5. REGISTRATION EXPENSES. The Company shall bear all expenses incurred in
connection with the performance of its obligations under Sections 2, 3 and 4
hereof, whether or not the Shelf Registration Statement is filed or becomes
effective, and shall bear or reimburse the Holders of the Securities covered
by the Shelf Registration Statement for the reasonable fees and disbursements
of the Designated Counsel, if any, and, in the case of any Exchange Offer
Registration Statement, will reimburse the Initial Purchasers for the
reasonable fees and disbursements of the Designated Counsel, if any, acting
in connection therewith.
6. INDEMNIFICATION AND CONTRIBUTION. (a) In connection with any
Registration Statement, the Company agrees to indemnify and hold harmless
each Holder of securities covered thereby (including each Initial Purchaser
and, with respect to any Prospectus delivery as contemplated in Section 4(h)
hereof, each Exchanging Dealer), and each person, if any, who controls any
such Holder within the meaning of either the Act or the Exchange Act (each
Holder and such controlling persons are referred to collectively as the
"Indemnified Parties") from and against any and all losses, claims, damages
or liabilities, joint or several, or any actions in respect thereof
(including but not limited to, any losses claims, damages, liabilities or
actions relating to purchases and sales of the Securities) to which each
Indemnified Party becomes subject under the Act, the Exchange Act or
otherwise, insofar as such losses, claims, damages or liabilities (or actions
in respect thereof) arise out of or are based upon any untrue statement or
alleged untrue statement of a material fact contained in the Registration
Statement as originally filed or in any amendment thereof, or in any
preliminary Prospectus or Prospectus, or in any amendment thereof or
supplement thereto, or arise out of or are based upon the omission or alleged
omission to state therein a material fact required to be stated therein or
necessary to make the statements therein not misleading, and subject to
subsection (c), reimburse, as incurred, the Indemnified Parties for any legal
or other expenses reasonably incurred by them in connection with
investigating or defending any such loss, claim, damage, liability or action
in respect thereof; PROVIDED, HOWEVER, that (i) the Company will not be
liable in any such case to the extent that such loss, claim, damage or
liability arises out of or is based upon (x) the use of any prospectus in
violation of the last sentence of Section 4(k), or (y) any such untrue
statement or alleged untrue statement or omission or alleged omission made in
the Shelf Registration Statement or prospectus or in any amendment or
supplement thereto or in any preliminary prospectus relating to the Shelf
Registration in reliance upon and in conformity with
13
written information pertaining to such Holder and furnished to the Company by
or on behalf of such Holder specifically for inclusion therein and (ii) with
respect to any untrue statement or omission or alleged untrue statement or
omission made in any preliminary prospectus relating to the Registration
Statement, the indemnity agreement contained in this subsection (a) shall not
inure to the benefit of any Holder from whom the person asserting any such
losses, claims, damages or liabilities purchased the Securities concerned, to
the extent that a prospectus relating to such Securities was required to be
delivered by such Holder under the Securities Act in connection with such
purchase and any such loss, claim, damage or liability of such Holder results
from the fact that there was not sent or given to such person, at or prior to
the written confirmation of the sale of such Securities to such person, a
copy of the final prospectus if the Company had previously furnished copies
thereof in sufficient quantity to such Holder; PROVIDED FURTHER, HOWEVER,
that this indemnity agreement will be in addition to any liability which the
Company may otherwise have to such Indemnified Party.

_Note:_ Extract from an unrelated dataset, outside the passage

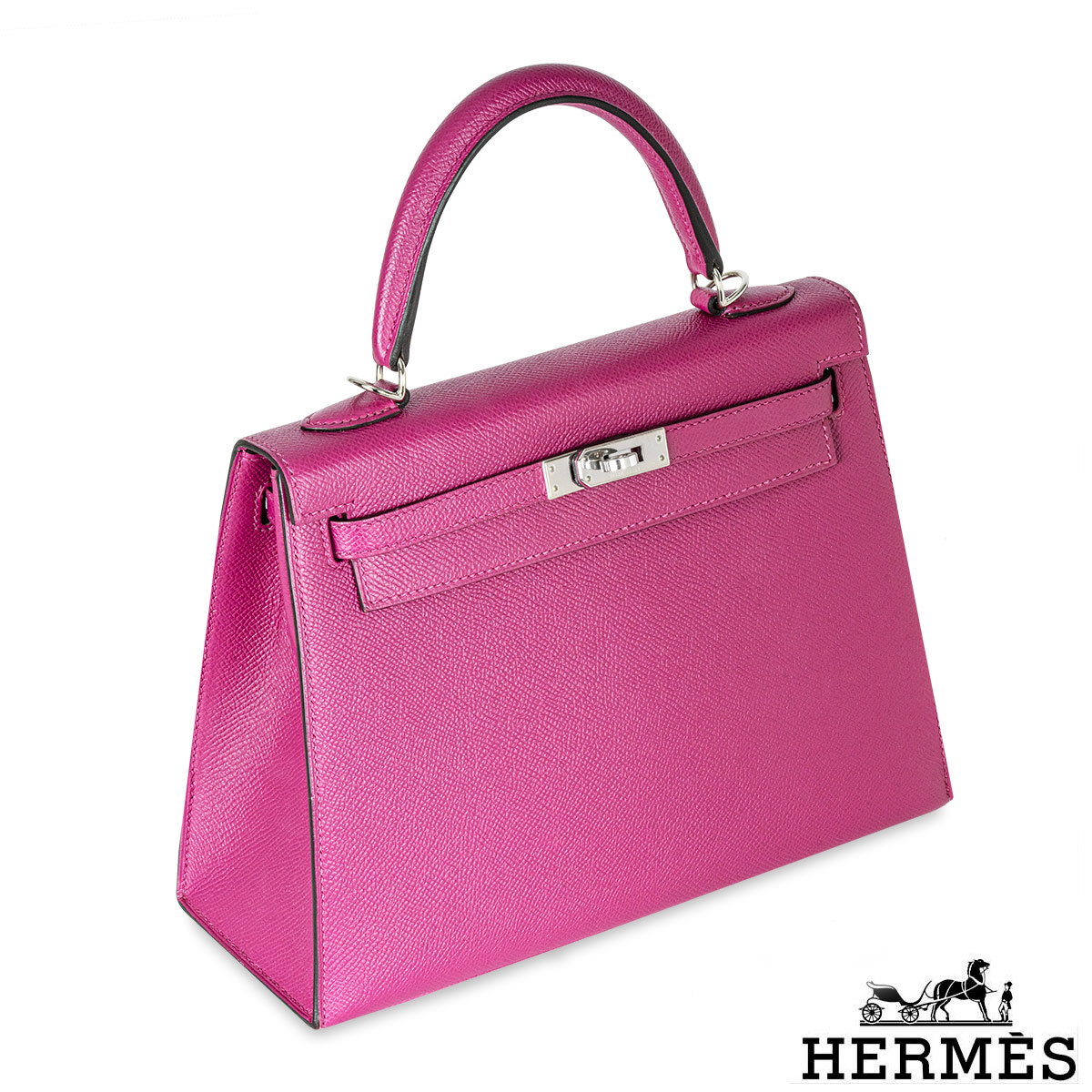 A spectacular Hermès 25cm Kelly bag. The exterior of this Kelly features a Sellier style in Rose Pourpre leather. The Rose Pourpre leather is complemented with palladium hardware and tonal stitchings. It features a front toggle closure with two straps, a single rolled handle, and a removable shoulder strap. The interior is also lined with Rose Pourpre leather and has one zip pocket with a Hermès engraved pull and one open pocket on the opposite side.

(b) Each Holder of Securities covered by a Shelf Registration Statement
severally and not jointly, will indemnify and hold harmless the Company and
each person who controls the Company within the meaning of either the Act or
the Exchange Act to the same extent as the foregoing indemnity from the
Company to each such Holder, but only with reference to written information
relating to such Holder furnished to the Company by or on behalf of such
Holder specifically for inclusion in the documents referred to in the
foregoing indemnity. This indemnity agreement will be in addition to any
liability which any such Holder may otherwise have.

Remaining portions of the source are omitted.